Shakespeare in Love meets Shakespeare’s Sister in this novel of England’s first professional woman poet and her collaboration and love affair with William Shakespeare.
London, 1593. Aemilia Bassano Lanier is beautiful and accomplished, but her societal conformity ends there. She frequently cross-dresses to escape her loveless marriage and to gain freedoms only men enjoy, but a chance encounter with a ragged, little-known poet named Shakespeare changes everything.
Aemilia grabs at the chance to pursue her long-held dream of writing and the two outsiders strike up a literary bargain. They leave plague-ridden London for Italy, where they begin secretly writing comedies together and where Will falls in love with the beautiful country — and with Aemilia, his Dark Lady. Their Italian idyll, though, cannot last and their collaborative affair comes to a devastating end. Will gains fame and fortune for their plays back in London and years later publishes the sonnets mocking his former muse. Not one to stand by in humiliation, Aemilia takes up her own pen in her defense and in defense of all women.
The Dark Lady’s Mask gives voice to a real Renaissance woman in every sense of the word.
American Renaissance Festivals and the Yearning for Merry England
by Mary Sharratt
When I was a student in the 1980s, I spent my late summer weekends in another realm. Donning a green gown I had sewn myself, I became a Renaissance woman, or a low-budget facsimile thereof, my cheap, silver-plated goblet hanging from my belt to save me from the indignity of drinking from a paper cup.
For three summers from 1983 to 1985, I was a performer at the Minnesota Renaissance Festival, in those days a much more low-key and grassroots affair than it is today. My character was a historically inaccurate hybrid between a village minstrel and a faery queen out of A Midsummer Night’s Dream. (I was trying very hard to channel Stevie Nicks.) I even spoke in a fake British accent, largely informed by Monty Python.
For the most part, I was unpaid, although I did earn minimum wage the summer I worked in the information booth. This involved giving directions and handing out site maps. The most exciting part was when some unsuspecting person asked the way to the restroom.
Leaping out from behind the counter, I’d grab my victim’s arm and race off, hell for leather, with them in tow. “Make way!” I’d yell, compelling the crowd to part for us. “Privy run!”
After depositing the blushing and winded individual in front of the plastic Portalet, I’d dash back to the information booth. As minimum-wage jobs went, it was far more amusing than fast food.
When I wasn’t working at the information booth, I played Elizabethan music on my violin, but this proved far less interesting for the paying crowd. The most enthusiasm I could drum up was some drunk guy asking me to play Pink Floyd’s “Dark Side of the Moon.”
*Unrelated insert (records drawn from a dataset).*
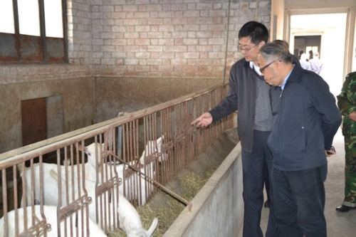 专家组还参观了我校西农萨能羊原种场,并针对养殖小区建设和山羊饲养管理技术等方面进行了现场交流。
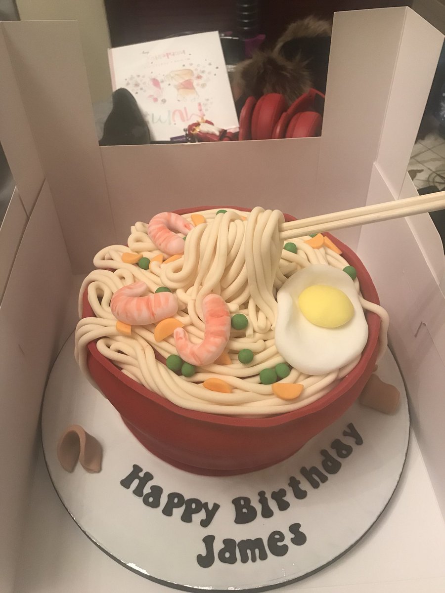 Omg. Omg. Omg. Omg. Omg. My mother has done it again. BIRTHDAY RAMEN CAKEpic.twitter.com/seyet6QyJn
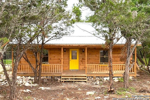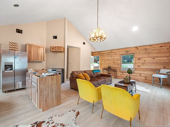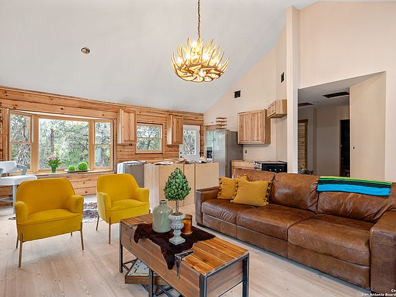 Beautiful new construction LOG CABIN located in the Cypress Cove Subdivision just a few blocks to Canyon Lake. Wide open living, kitchen, and dining area with soring ceilings. Beautiful antler chandelier. Hickory cabinets with white quartz countertop. Solid wood interior doors. Amazing hill country views with no back neighbors. Spacious back deck. After a hard day at the lake or river, come unwind in this comfy cabin. Watch the deer just right outside your widow.

I soon learned to leave the violin at home and focus on street theatre, which is what most people seemed to be coming for. Having my picture taken with festival goers’ children who thought my dress was pretty. Joining my fellow peasants under an oak tree in the late afternoon. Sitting in the grass with floral garlands in our hair, we would sing ballads of such yearning that they would transport us to another time and place. This transpired late afternoon when everything seemed suffused in golden light. Such pastoral bliss! As a Reagan-era teenager, this was the closest I ever got to the Woodstock experience.
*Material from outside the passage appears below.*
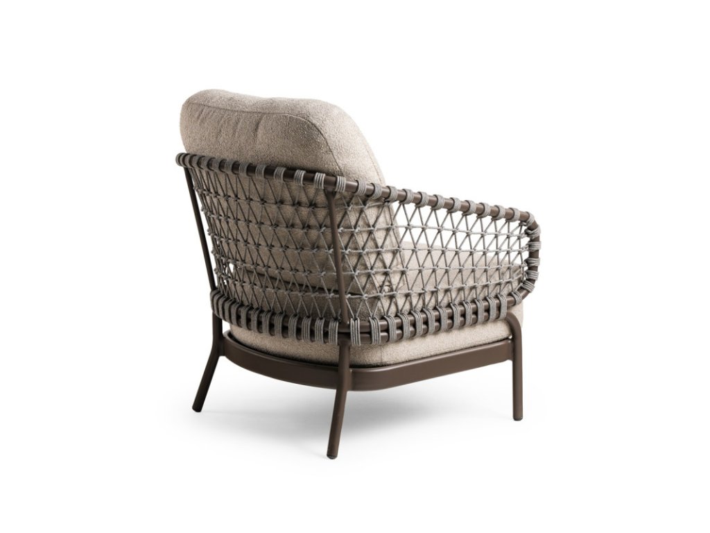 Juno kombinuje rafinovaný kovový rám s ručne tkaným olefínovým lanom, čím vytvára otvorený a vzdušný vzhľad. Veľkoryso vyplnené vankúše, čalúnené olefínovou látkou, poskytujú hlboké pohodlie pri sedení. Vyvážené proporcie a jemné detaily robia z Juno pokojný, no zároveň výrazný prvok v záhrade.
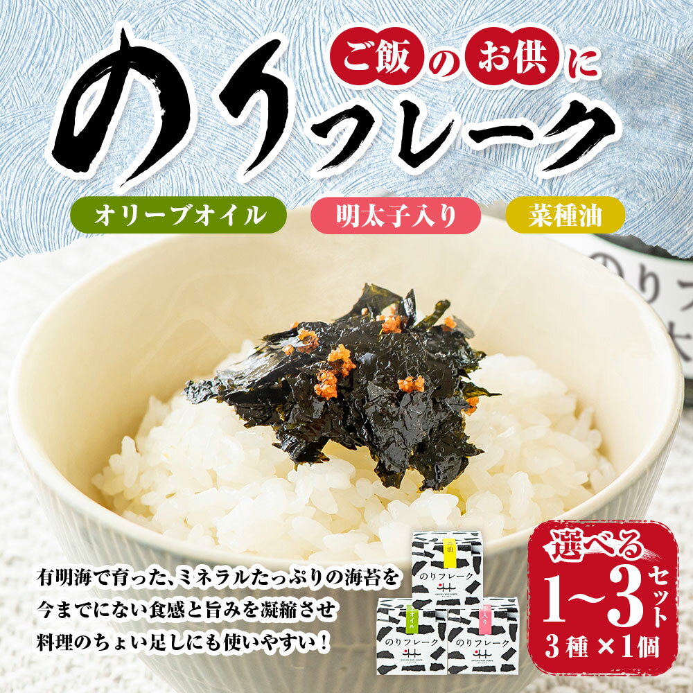 - 【ふるさと納税】<選べる内容量> のりフレーク 3種(オリーブオイル・明太子・菜種油) 1セット 2セット 3セット 1セットあたり計195g(65g×3個(各1個)) 海苔 有明海苔 ごはんのお供 ご飯 福岡県 みやま市 送料無料 A315 B56 B55

Our singalong closed with the Peasant Parade, in which we merrily sang and danced our way around the entire site to escort the crowd to the gates at closing time. But the real magic transpired after-hours, when the “tourists” had all gone home. Then the festival grounds really did turn into something out of A Midsummer Night’s Dream. The guitars and wine bottles came out. Most of us camped overnight, but I never got much sleep.
Ah, the revels and trysts we had, still in costume but no longer quite in character. The Renn Fest was, and undoubtedly still is, the converging point for so many different countercultures. I hung out with fortune tellers, Morris dancers, feminist folk singers, and herbalists. Before the internet, Renn Faires were a locus for all kinds of alternative-minded souls to connect.
Apart from Renn Fest, my summers were fairly dull. After a weekend of singing and cavorting, I was almost literally asleep on my feet while working my full-time summer job as a cashier in a discount clothing store. Despite my fatigue, the allure of Renn Fest made the boredom of my job more bearable. I lived from one weekend to the next. The closing day of Festival was always bittersweet, with many hugs and tears.
These weekends were some of the happiest in my youth and ended only when I went to study, and then to live, in Germany. In a country filled with actual Renaissance buildings, who needs a Renn Faire? Instead, Germans seemed far more interested in re-enacting the American Wild West. To truly offer a magical escape, one’s historical weekend fun must draw on a cultural context as far removed as possible from one’s day-to-day life.
Meanwhile, back in America, Renn Faires have boomed. There are festivals across the United States, Renaissance Magazine attests.
even in Alaska. My old haunt, the Minnesota Renaissance Festival, now boasts an annual 300,000 visitors. For many of the performers and vendors, the festivals have become a way of life, as
But why, out of all the ages of world history, are Americans so fixated on Elizabethan England? Why not Byzantine Constantinople or—given Minnesota demographics—Viking-age Norway? What is it about Tudor England that so captures the American imagination? Is it because of our love affair with Shakespeare? Because the garb is so sexy? If you’re a curvy female, Elizabethan costume will make you look like a goddess. Men can have all sorts of interesting experiences while sporting a codpiece. The clothes alone can put you in a completely different frame of mind. Shakespeare said it first: “Clothes maketh the man.”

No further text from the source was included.